Reasoning When one sells or buys real property, one sells or buys the property as
he sees it, in its actual setting and by its physical metes and bounds, and not by the mere lot number assigned to it in the certificate of title. The portion correctly referred to as lot No. 535-A was already in the possession of the vendee, Eulogio Atilano II, who had constructed his residence therein, even before the sale in his favor even before the subdivision of the entire lot No. 535 at the instance of its owner, Eulogio Atillano I. In like manner the latter had his house on the portion correctly identified, after the subdivision, as lot No. 535-E, even adding to the area thereof by purchasing a portion of an adjoining property belonging to a different owner.
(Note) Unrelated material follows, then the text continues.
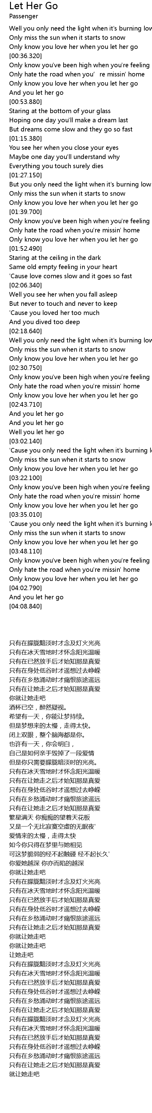 | [00:33.520] | Only know you love her when you let her go |

The two brothers continued in possession of the respective portions the rest of their lives, obviously ignorant of the initial mistake in the designation of the lot subject of the 1920 until 1959, when the mistake was discovered for the first time. - The real issue here is not adverse possession, but the real intention of the parties to that sale. From all the facts and circumstances we are convinced that the object thereof, as intended and understood by the parties, was that specific portion where the vendee was then already residing, where he reconstructed his house at the end of the war, and where his heirs, the plaintiffs herein, continued to reside thereafter: - The new Civil Code provides a remedy for such a situation by means of reformation of the instrument. This remedy is available when, there having been a meeting of the funds of the parties to a contract, their true intention is not expressed in the instrument purporting to embody the agreement by reason of mistake, fraud, inequitable conduct on accident (Art. 1359, et seq.) In this case, the deed of sale executed in 1920 need no longer reformed. The parties have retained possession of their respective properties conformably to the real intention of the parties to that sale, and all they should do is to execute mutual deeds of conveyance.
Disposition WHEREFORE, the judgment appealed from is reversed. The plaintiffs
are ordered to execute a deed of conveyance of lot No. 535-E in favor of the defendants, and the latter in turn, are ordered to execute a similar document, covering lot No. 595-A, in favor of the plaintiffs. Costs against the latter.